Seit Beginn der Vorbereitung nutzt Hertha BSC als erster Bundesligist ein clubeigenes Zentrum für Höhentraining und Leistungsdiagnostik.

Am Dienstag (22. Juli 2008) haben die Berliner das Höhentrainingszentrum auf dem Vereinsgelände vorgestellt. Insgesamt bilden zwei Kammern, in denen jeweils zwölf Spieler gleichzeitig auf vier Ergometern und acht Laufbändern trainieren können, den neuen Bereich.

Durch die Kammern sollen bei der Leistungsoptimierung der Hertha-Profis ein paar Prozentpunkte mehr herausgeholt werden, erklärte Dieter Hoeneß, Vorsitzender der Geschäftsführung von Hertha BSC, am Dienstagvormittag. Insbesondere im Ausdauerbereich soll diese Steigerung erzielt werden.

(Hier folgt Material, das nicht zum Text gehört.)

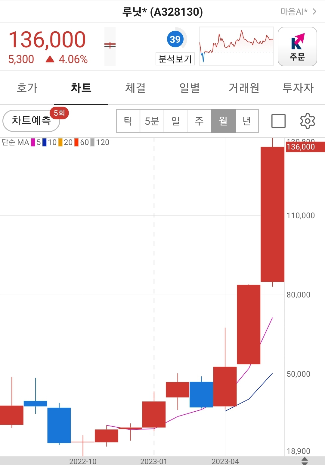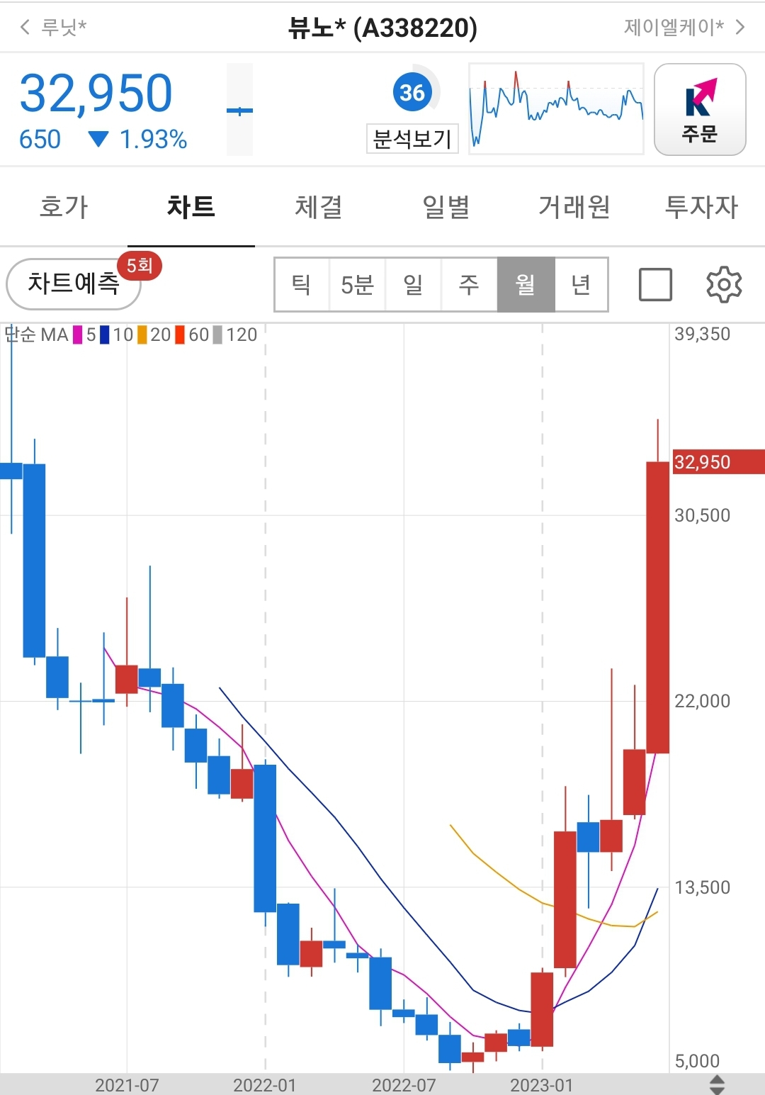 루닛의 주봉과 월봉 차트를 보면

Vorteile im Bundesliga-Alltag

"Die Höhenkammer ist ein kleiner, aber wichtiger Baustein im großen Ensemble von Leistungsvoraussetzungen", so Volker Spiegel, Geschäftsführer der L.O.S. LOW OXYGEN SYSTEMS GmbH und Entwickler des Zentrums. Durch simulierte Höhen von bis zu 4.500 Metern und den verringerten Sauerstoffgehalt wird die Produktion roter Blutkörperchen angeregt. Die wiederum optimeren in der Folge den Sauerstofftransport, der Organismus reagiert mit höherer Leistungsfähigkeit.

Herthas Fitness-Trainer Carsten Schünemann ist von den Erfolgen des Höhenzentrums überzeugt. "Ein paar Prozent kann jeder Spieler dadurch zulegen. Spiele, die auf der Kippe stehen, können so entschieden werden", sagt Schünemann. Außerdem werde es Hertha "im Liga-Alltag und bei der Rehabilitation verletzter Spieler Vorteile verschaffen", so Dieter Hoeneß. Eine sichere Prognose gebe es aber nicht. "Nächstes Jahr um diese Zeit können wir eine erste Bilanz ziehen."